А в это время Зоя и Ольга ожидали в своей комнате Фросю, чтобы вместе пойти к Никифору Сергеевичу.
— Я так и думала, что не придет она, — сказала Ольга.
Зоя возразила:
— Придет. Обещала.
— Фросю можно понять. Посмотрит на тебя, на Петю — и каково будет ее сердцу?
— Не согласна я с тобой. Ты вон тоже переживаешь, беспокоишься о муже.
— Переживаю. Мой-то написал: так, мол, и так, адреса у меня пока не будет, жди, когда пришлю. Я и жду. А Фросе ждать уже нечего… так вот и получается: у одних есть надежда, у других нет, у одних радость, у других горе.

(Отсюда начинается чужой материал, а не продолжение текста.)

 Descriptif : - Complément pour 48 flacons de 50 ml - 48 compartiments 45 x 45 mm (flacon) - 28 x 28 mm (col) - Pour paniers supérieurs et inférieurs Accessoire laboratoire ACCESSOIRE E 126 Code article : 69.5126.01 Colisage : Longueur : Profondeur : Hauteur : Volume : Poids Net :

Ольга, как думала Зоя, и говорила, и все делала правильно. Она сказала про горе и радость — и не возразишь, потому что у нее, Зои, такое настроение, что лучшего никогда и не было. Никогда!
— Идем, — позвала Ольга.
Когда Зоя вновь увидела Петю, она от удивления даже позабыла поздороваться с гостями. Прошлой ночью и на станции, и по дороге он показался ей очень больным и грустным, а сейчас ну совсем другой — веселый и красивый, и гимнастерка на нем новая, а на гимнастерке орден и две медали, о которых она и не знала. Тогда на скамейке она видела его в госпитальном халате, о наградах разговора не было, да и в письмах не писал он об этом, умолчал о том, что стал старшим лейтенантом.
За столом Зоя сидела рядом с Петей, слушала его разговор с Еремеем Петровичем, который все интересовался, каково живется минометчикам на фронте.

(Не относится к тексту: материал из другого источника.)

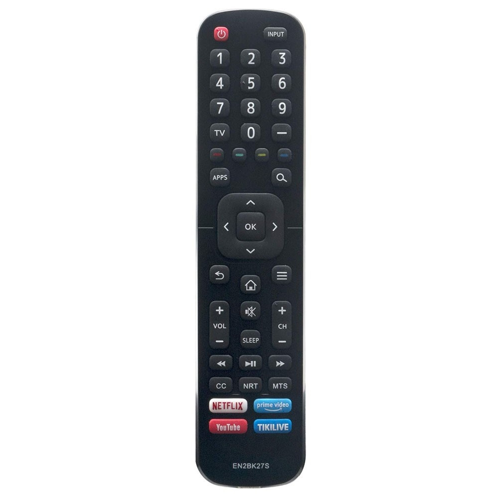 EN2BK27S fjernkontroll for Hisense TV Erstatning håndholdt fjernkontroll Bruker ABS-materiale av høy kvalitet for å sikre god ytelse Ergonomisk design, behagelig å holde i hånden Ingen behov for noe program, og det fungerer etter at batteriene er satt inn Med praktiske knapper, enkle å bruke, kommer du til kanalen du ønsker på bare noen få sekunder Et perfekt valg når fjernkontrollen må byttes Spesifikasjoner: Strømforsyning: 2* AAA-batterier ( batteri

Никифор Сергеевич налил водку в стаканы, и Ольга тут же взяла Зоин стакан, отлила из него Грошеву и Мальцеву, оставив ей лишь на донышке.
— Ну, спасибо, что пришли, гостечки дорогие. Выпьем за нашего фронтовика! — предложил Макрушин.
Все потянулись чокаться с Петей, и Зоя тоже протянула ему свой стакан.
Петя улыбнулся ей, тихонько сказал:
— За встречу, Зойчонок.
— Закусывайте, дорогие гостечки, не стесняйтесь! — сказал Никифор Сергеевич.
Зоя оглянула стол и подумала, что столько еды на столах бывало только до войны.